Ions, ie electrically charged atoms, are described in the SMILES notation by specifying the charge in the square brackets (eg, [ Cl - ] for the chloride ion or [ Cu 2] for the copper (II ) ion ).

Direct to the atom bonded hydrogen can also be specified in the bracket notation, this is after the element symbol H followed by the number of bonded hydrogen atoms, given ( for a single hydrogen atom is an indication of the number of non- mandatory). Thus, simple molecules, such as hydrogen chloride ( [ ClH ] ) or methane ( [ CH4 ] ) will be described.
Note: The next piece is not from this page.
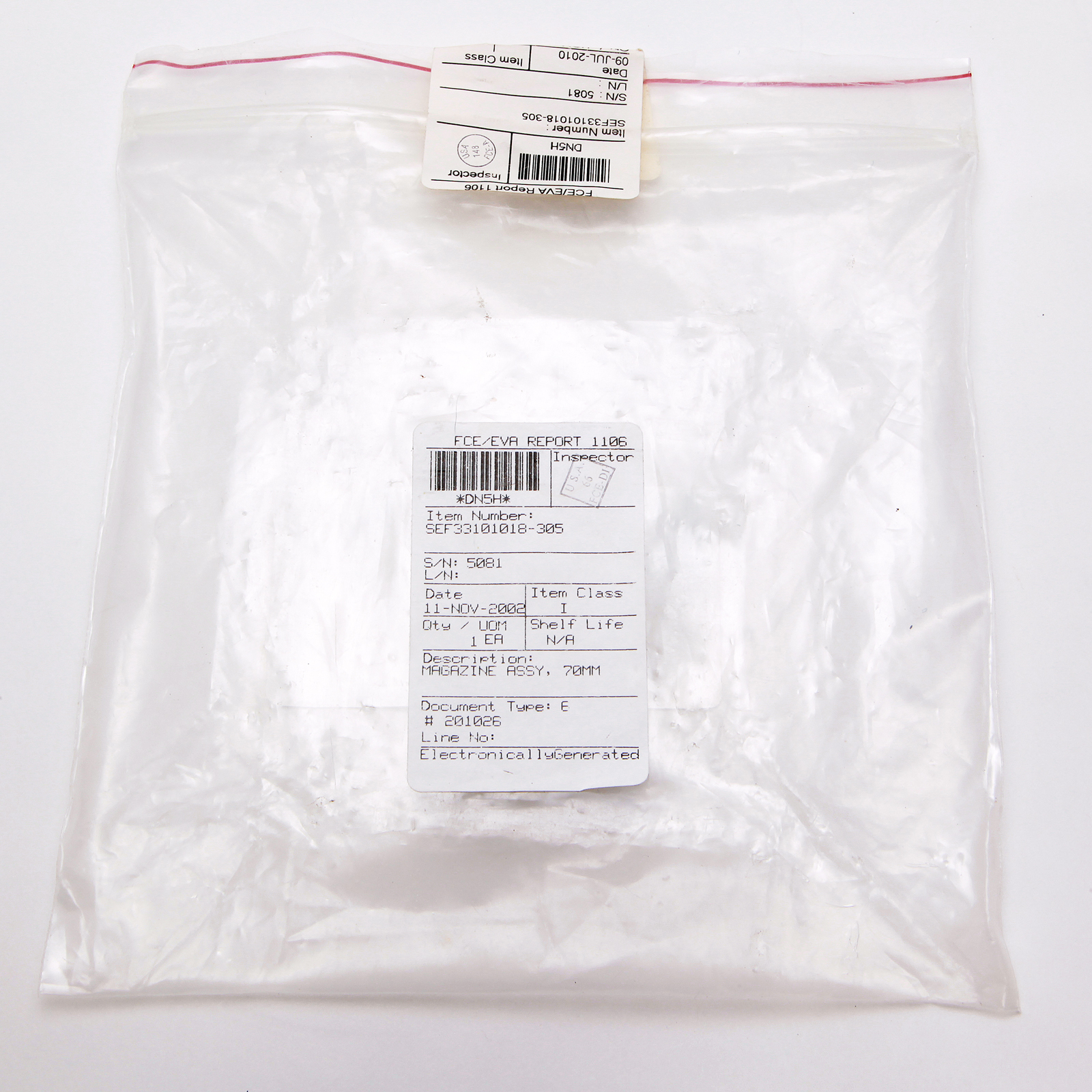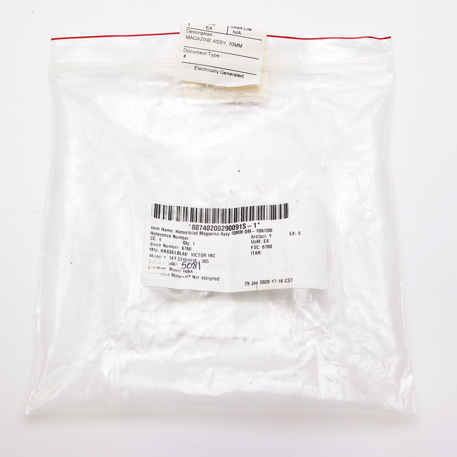 The original NASA parts bag along with disposal and inventory labels are included, and bear the part and serial numbers consistent with this 70mm Film Magazine.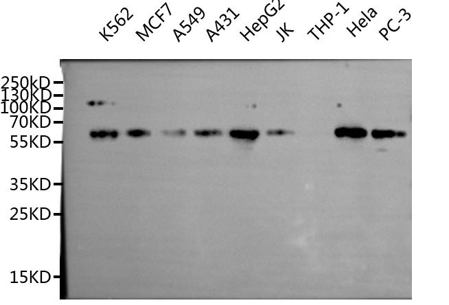 Positive WB detected in: K562 whole cell lysate, MCF7 whole cell lysate, A549 whole cell lysate, A431 whole cell lysate, HepG2 whole cell lysate, JK whole cell lysate, Hela whole cell lysate,PC-3 whole cell lysate

To simplify the notation, the brackets can be eliminated for elements of the so-called " organic subset ". If the clamps can be omitted, the free valencies of the atom to be filled to the lowest Standardvalenz according to the illustrated table of hydrogen atoms. For example, for the input of water an O, and methane reaches a C.

Bonds

To indicate that two atoms are connected by a chemical bond, one of the symbols between the atoms is set.

* Only open Miles Bonds in aromatic systems can be rather symbolized by alternating double and single bonds by a colon.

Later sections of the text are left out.